You will need to add C:\Python27;C:\Python27\Scripts;
to your Path
environment variable, and C:\Python27;C:\Python27\Lib\site-packages;C:\Python27\Lib;C:\Python27\DLLs;C:\Python27\Lib\lib-tk;
to your PYTHONPATH
environment variable, which you will have to create if you do not already have it.
At that point, you may start the IPython Notebook by entering at the command line,
ipython notebook --script --pylab=inline
The --script
flag writes your work to a .py
script file, and the --pylab=inline
loads a plotting and visualization module, and ensures that images and plots are displayed in your browser window, and not a separate pop-up window, which is useful when you have a lot of plots.

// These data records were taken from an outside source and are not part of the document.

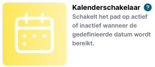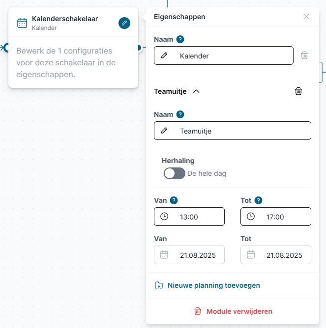 Gebruikt voor datumgestuurd doorschakelen van oproepen. Filtert oproepen op datum (en eventueel tijd) en stuurt ze anders door. Als je bijvoorbeeld wilt dat er rekening wordt gehouden met feestdagen naast de openingstijden, dan laat je deze module de tijdschakeling volgen + zijn "Binnen" connector.
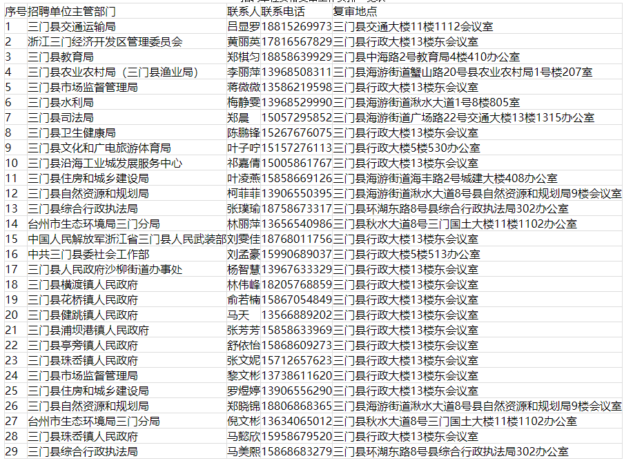 2、2024年三門縣事業(yè)單位公開招聘工作人員考試入圍資格復(fù)審對象名單
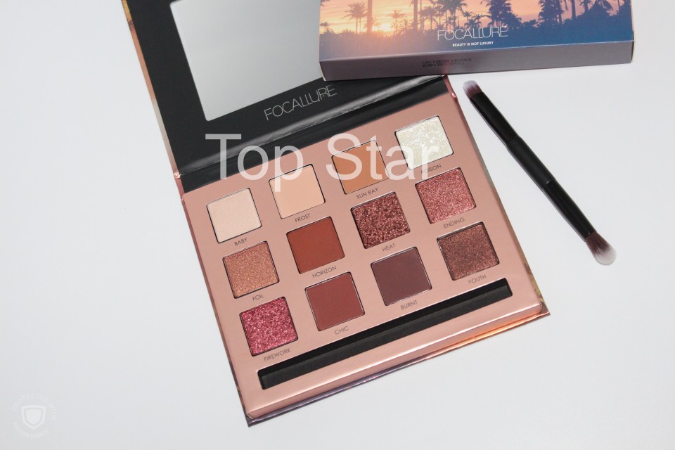Trusa 12 farduri de ochi Focallure Sunset Eyeshadow Palette Trusa contine culorile ce creeaza in fiecare zi apusul romantic de soare, imbina 12 nuante esentiale mate si sidefate ce te ajuta sa realizezi un look de exceptie. Indiferent de culoarea ochilor, nuantele selectate te vor pune in evidenta in orice moment. Nuantele mate, sidefate si metalizate se pot combina astfel incat sa obtii un machiaj fin, delicat sau unul glam. Ambalajul este elegant, practic, vesel si usor de manevrat. Pentru usurinta aplicarii, trusa de farduri de pleoape Focallure vine insotita de o pensula cu doua capete. Un capat special pentru aplicarea fixa si un capat pentru amestecarea culorilor. Fardurile de ochi in nuantele intense, pigmentate devin mai puternice daca se aplica inainte o baza de machiaj.
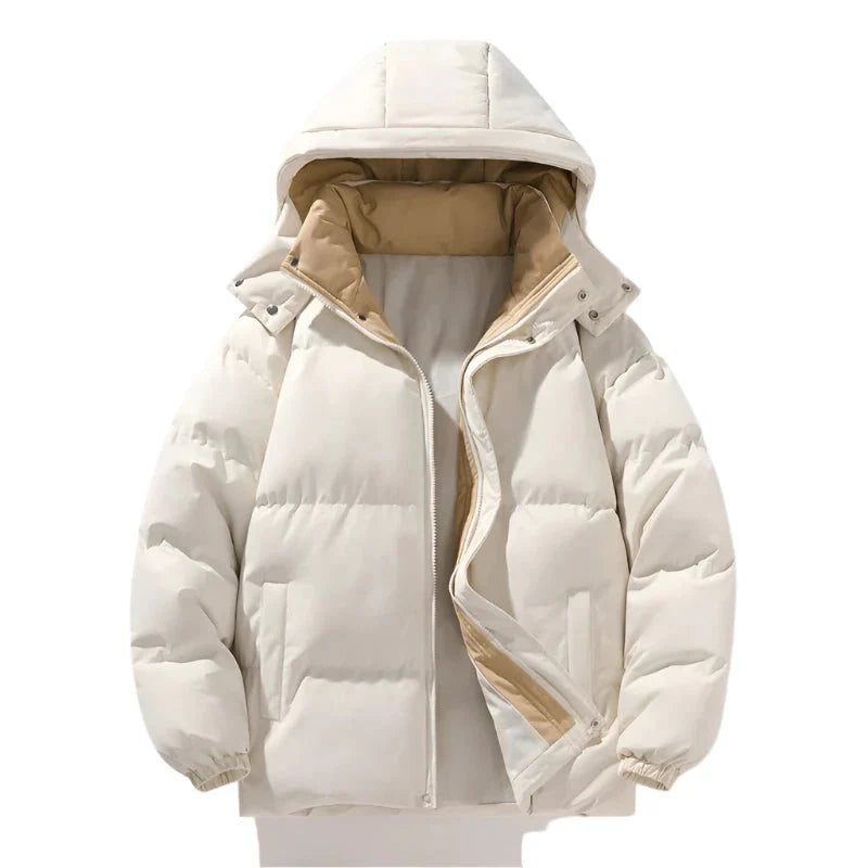 Teplá zimní bunda s kapucí, ideální pro chladné dny. Tato bunda kombinuje ležérní styl s ochranou proti větru pro venkovní aktivity.
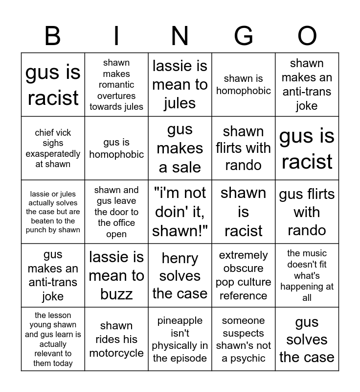 This bingo card has a free space and 24 words: lassie is mean to buzz, shawn rides his motorcycle, gus makes a sale, the lesson young shawn and gus learn is actually relevant to them today, shawn makes an anti-trans joke, gus is racist, chief vick sighs exasperatedly at shawn, shawn makes romantic overtures towards jules, shawn is racist, henry solves the case, shawn flirts with rando, lassie or jules actually solves the case but are beaten to the punch by shawn, extremely obscure pop culture reference, the music doesn't fit what's happening at all, gus is homophobic, someone suspects shawn's not a psychic, gus flirts with rando, lassie is mean to jules, gus is racist, shawn and gus leave the door to the office open, gus solves the case, gus makes an anti-trans joke, shawn is homophobic and pineapple isn't physically in the episode.

Notes on command line tools
The command line or terminal lets you call programs. Working “interactively” means that you type commands into the terminal and view the results. If you have lots of input and/or output, you’d probably rather read input from a file and/or write your output to a file. You may specify files for input using the input redirection operator, <
, and write the output to a file using the output redirection operator, >
. (Examples of this are shown below.)
Command line tools respect file name paths. If an input or output file does not have a path prepended to it, then the command line will assume that that file lives in the current working directory, the directory you are “in”. You can see your working directory by typing pwd
at the terminal and hitting Enter.
When output is written to a file, the command line will create that file if it does not exist, (typically) overwrite that file, or (atypically) append to the end of that file. You should be careful that you are not accidentally overwriting important files.
Coding Examples
Transfrom points from one CRS to another
First, we’ll type osgeo4w' to start OSGeo. When it gets done loading, we'll call the
gdaltransform` function,
osgeo4w gdaltransform -s_srs EPSG:4267 -t_srs EPSG:4326 < input.csv > output.txt
-s_srs
and -t_srs
stand for the source and target spatial reference systems, respectively. EPSG:4267
and EPSG:4326
represent the NAD27 and WGS84 coordinate reference systems. input.csv
is a list of comma separated latitude and longitude coordinates, one point per line, while output.txt
is a text file with coordinates separated by spaces, again, one point per line. If output.txt
does not exist before this command is called, then it will be created. If output.txt
does exist, then it will be overwritten, so be careful. If the filenames for input.csv
and output.csv
do not contain paths, then gdaltransform
will look in the current directory for input.txt
and then put output.csv
in the current directory. If paths are supplied, then gdaltransform
will respect those paths.
Change the projection of an ESRI Shapefile
Here, dst.shp
and src.shp
are the destination and source files, respectively. (Caveat: the destination file comes before the source file.) If you want to change the spatial reference system of a given Shapefile, then dst.shp
and src.shp
will have the same name. This will overwrite the file in-place. If dst.shp
and src.shp
are different files, then dst.shp
will be created if it does not exist, or it will overwrite soemthing(!).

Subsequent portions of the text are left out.